As marketers of brands, you work incredibly hard to build a reputation, engage with consumers and create a loyal following. With this much focus on brand reputation, brands also need to protect what they have worked so hard to create. With the exponential growth of online interactions with brands – whether it be social media discussions or online commerce – increasingly the focus for brand protection is online. Just one security breach or reputation attack can destroy consumer trust in a brand and undo all the hard work and effort that went into building the brand in the first place.
The UK is widely recognised as a world leader in e-commerce. However with this status British brands have become a huge target for fraudsters. For six straight months the UK has been the world’s largest phishing target, accounting for 69% of global phishing attacks. Phishing has been a problem for years but brands should not become complacent in protecting their brand, and ultimately their customers, from this threat.

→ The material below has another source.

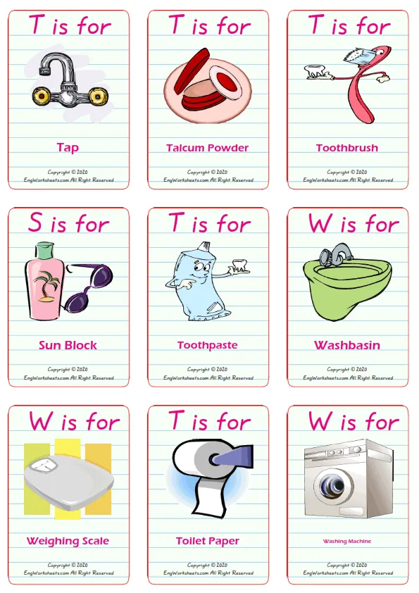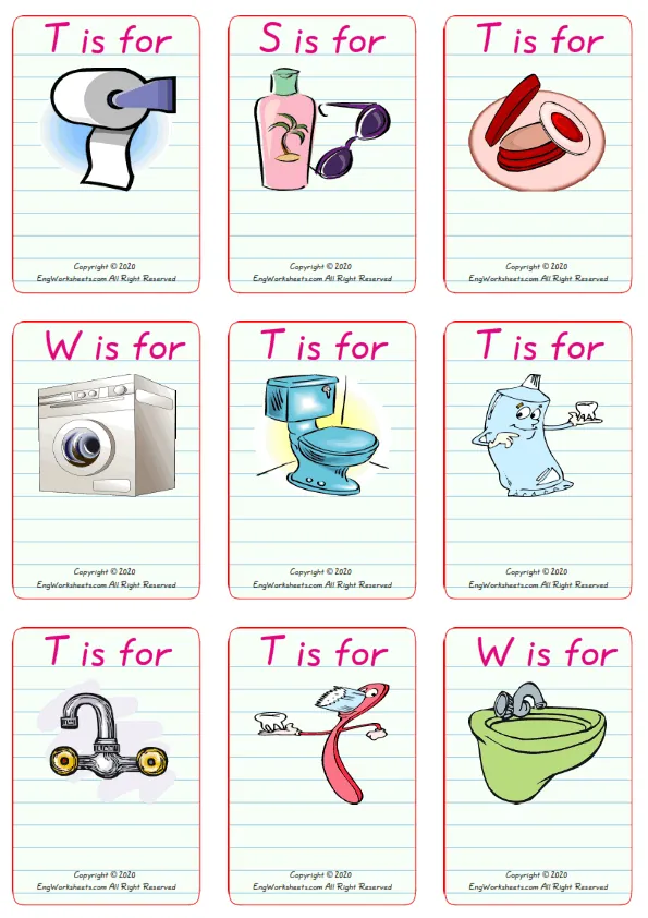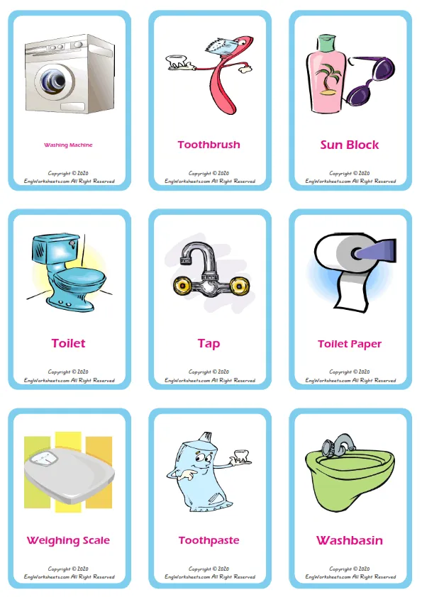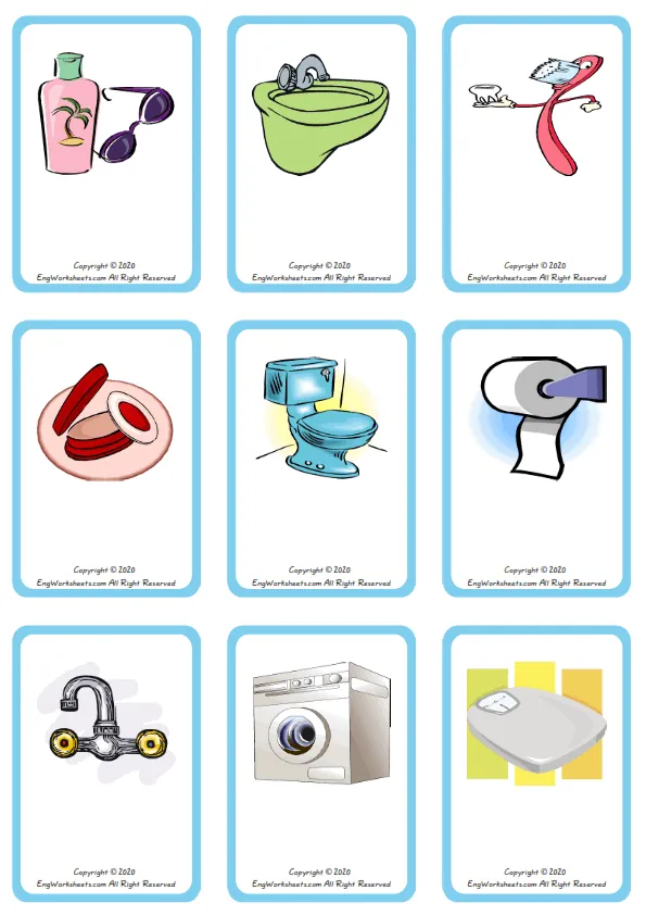 Wordless Bathroom vocabulary worksheet with nine images per page

Phishing emails targeting consumers are now well-designed in their appearance and content, making them hard to detect. Many look almost identical to genuine mails; it is as if the fraudsters have used the brand style guide.
The traditional anti-phishing response is to locate and shut down the fraudulent site as quickly as possible, but this can sometimes take days – and by that stage thousands of consumers may already have been duped and the brand damage done. Industry best practice shut down time is around 21 hours.
An emerging weapon in the fight against phishing is email authentication. Many marketers many be familiar with the technology in terms of its ability to ensure message delivery for marketing mailers (avoiding the spam filters of large email providers). However it has brand protection benefits too.
Quality email authentication partners have agreements with major email providers – covering billions of inboxes – which means if a brand signs up to the service, every promotional email sent to customers who use that email provider (eg. Hotmail, Gmail, Yahoo Mail and so on) will make the inbox because the sender has been verified. It also means any email pretending to be your business is not delivered to the mailbox – reducing the number of people who receive the fraudulent message by millions, even billions.
Working in tandem with a brand protection service, the email can also be flagged as a phishing mail to enable the brand protection team to shut down the site immediately – shortening that vital window when consumers can be duped.
With the number phishing attacks rising – 78 per cent globally this year alone – phishing is a brand threat that is not going away. While anti-phishing efforts are not yet 100 percent effective in stopping attacks, the growing interest in using email authentication as a preventative measure is a big leap forward in helping protect the brand you have built.